▶ [Data excerpts]:
• • • • •
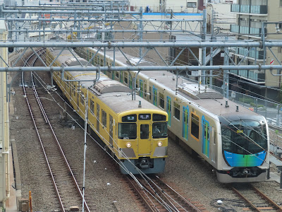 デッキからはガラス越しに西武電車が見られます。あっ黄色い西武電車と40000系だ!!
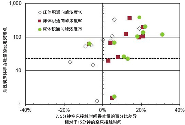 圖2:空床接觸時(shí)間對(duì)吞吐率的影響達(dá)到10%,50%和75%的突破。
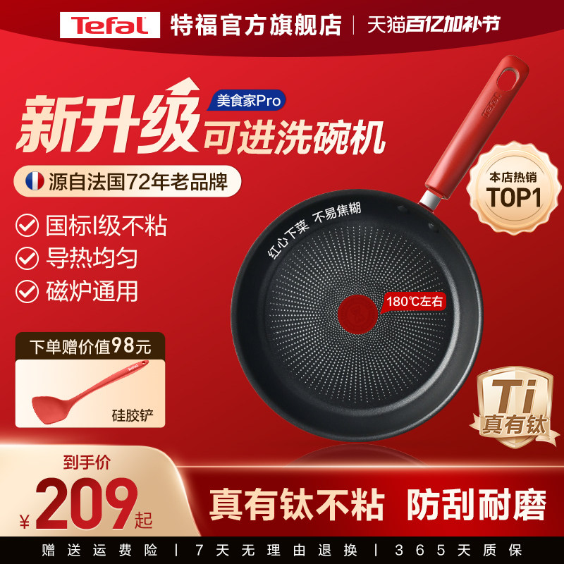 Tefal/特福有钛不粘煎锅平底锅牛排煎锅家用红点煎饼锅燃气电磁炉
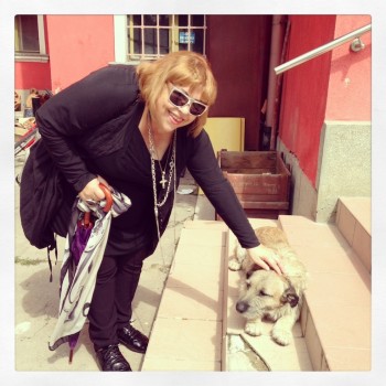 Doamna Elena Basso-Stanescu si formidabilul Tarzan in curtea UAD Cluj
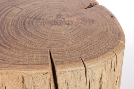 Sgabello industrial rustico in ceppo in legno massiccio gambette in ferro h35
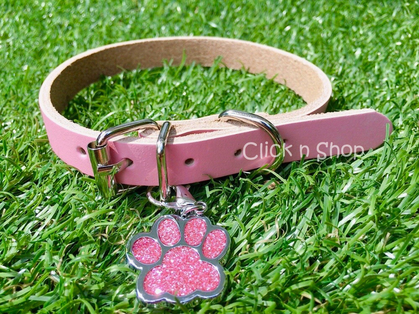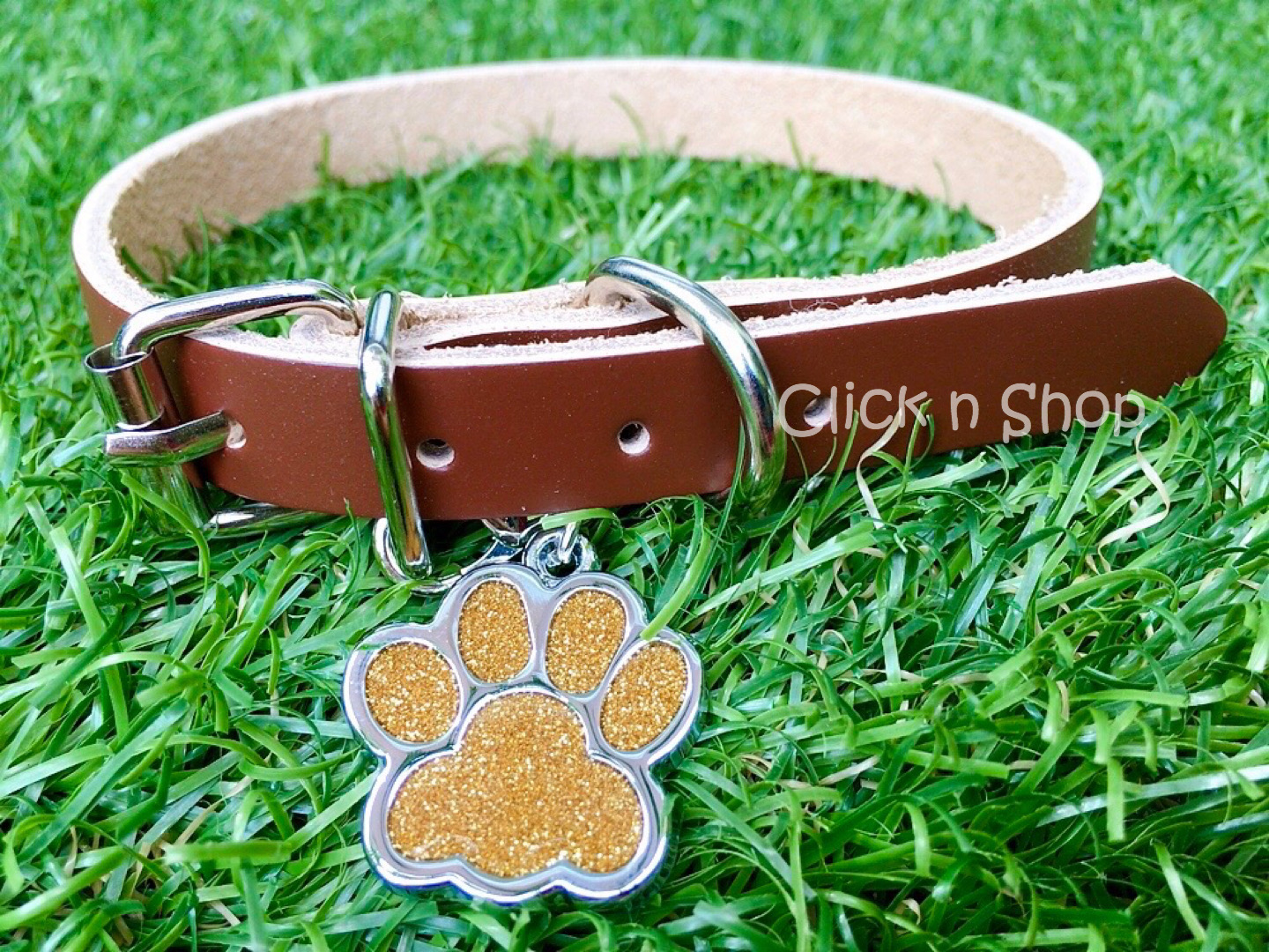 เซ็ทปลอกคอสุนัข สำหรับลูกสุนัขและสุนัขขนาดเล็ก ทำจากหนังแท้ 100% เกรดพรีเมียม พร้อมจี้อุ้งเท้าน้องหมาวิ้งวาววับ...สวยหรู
• • • • •
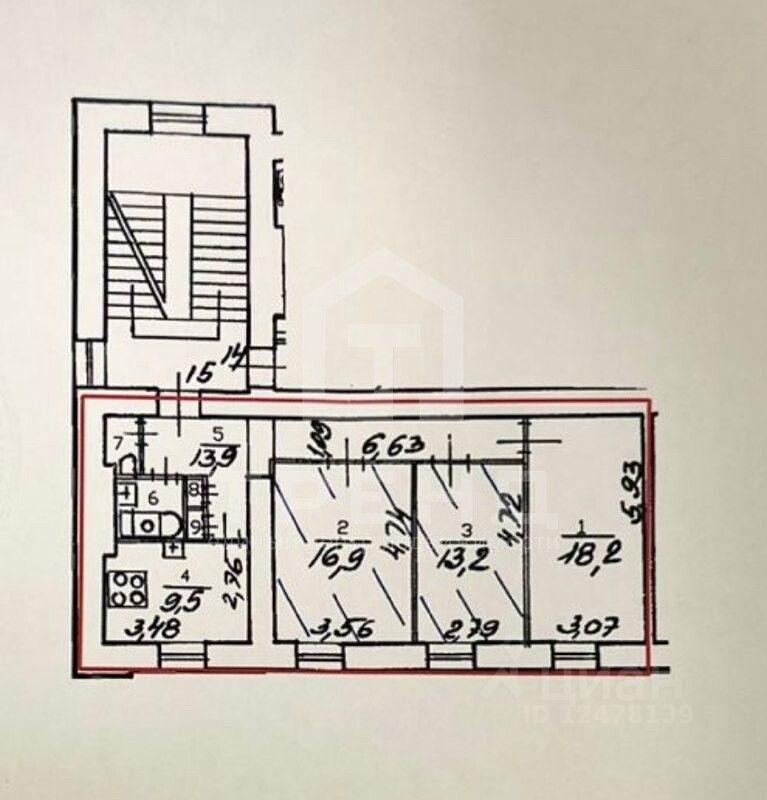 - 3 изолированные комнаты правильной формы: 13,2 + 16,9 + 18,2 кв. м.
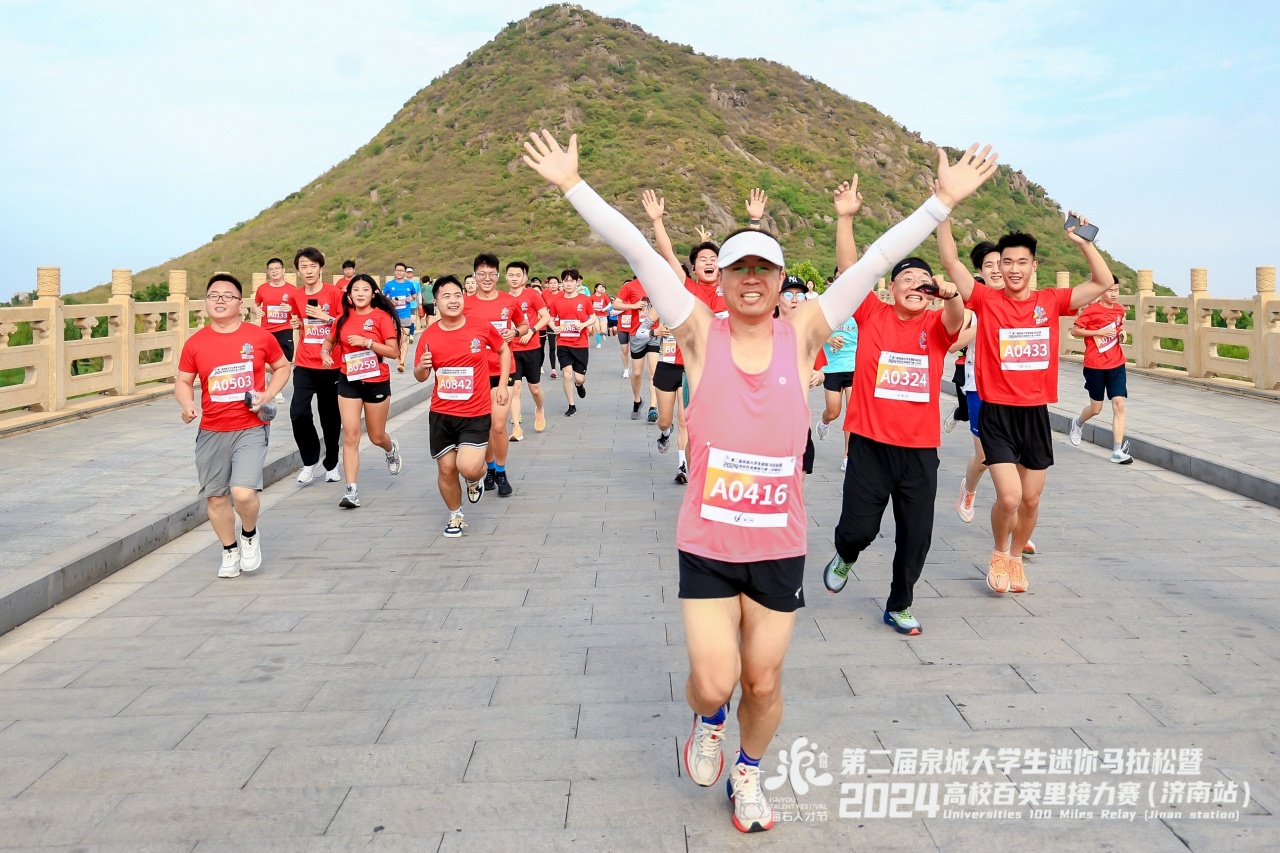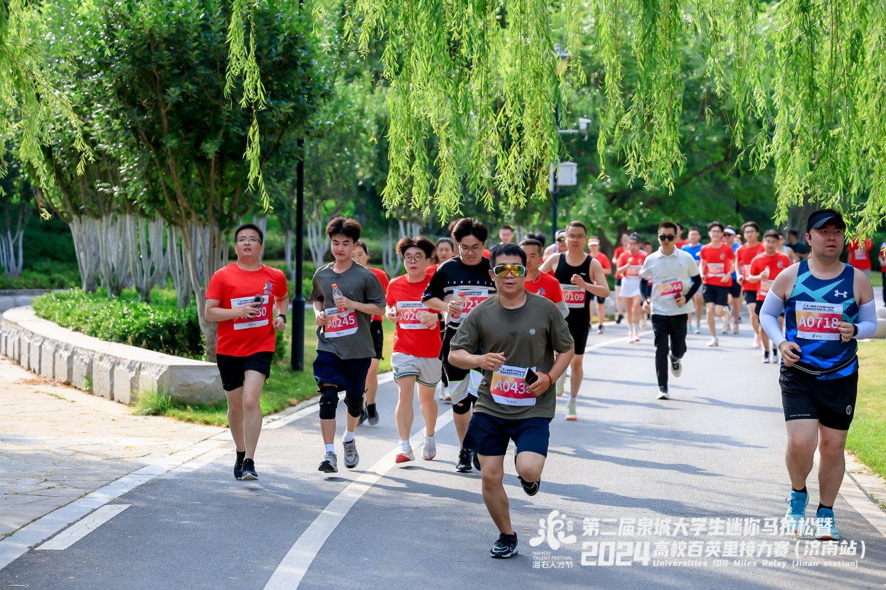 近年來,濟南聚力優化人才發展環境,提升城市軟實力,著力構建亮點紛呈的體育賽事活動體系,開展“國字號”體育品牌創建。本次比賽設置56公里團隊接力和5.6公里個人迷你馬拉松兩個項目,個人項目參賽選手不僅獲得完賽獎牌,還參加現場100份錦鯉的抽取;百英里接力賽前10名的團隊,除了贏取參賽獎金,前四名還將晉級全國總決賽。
• • • • •
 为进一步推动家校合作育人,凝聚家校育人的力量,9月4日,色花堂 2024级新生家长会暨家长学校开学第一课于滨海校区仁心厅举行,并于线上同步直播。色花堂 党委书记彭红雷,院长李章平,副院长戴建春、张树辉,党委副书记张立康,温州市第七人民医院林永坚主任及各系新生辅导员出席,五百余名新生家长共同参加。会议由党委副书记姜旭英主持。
• • • • •
▶ [Assigned task]: Print, word for word, the lines above that run from the line containing "デッキからはガラス越しに西武" to the line containing "เซ็ทปลอกคอสุนัข สำหรับลูกสุนัขและสุนัขขนาดเล็ก ทำจากหนังแท้", both included. Keep the pictures out.

▶ [The completed task]:
 デッキからはガラス越しに西武電車が見られます。あっ黄色い西武電車と40000系だ!!
 圖2:空床接觸時(shí)間對(duì)吞吐率的影響達(dá)到10%,50%和75%的突破。
 Tefal/特福有钛不粘煎锅平底锅牛排煎锅家用红点煎饼锅燃气电磁炉
 Doamna Elena Basso-Stanescu si formidabilul Tarzan in curtea UAD Cluj
 Sgabello industrial rustico in ceppo in legno massiccio gambette in ferro h35
 เซ็ทปลอกคอสุนัข สำหรับลูกสุนัขและสุนัขขนาดเล็ก ทำจากหนังแท้ 100% เกรดพรีเมียม พร้อมจี้อุ้งเท้าน้องหมาวิ้งวาววับ...สวยหรู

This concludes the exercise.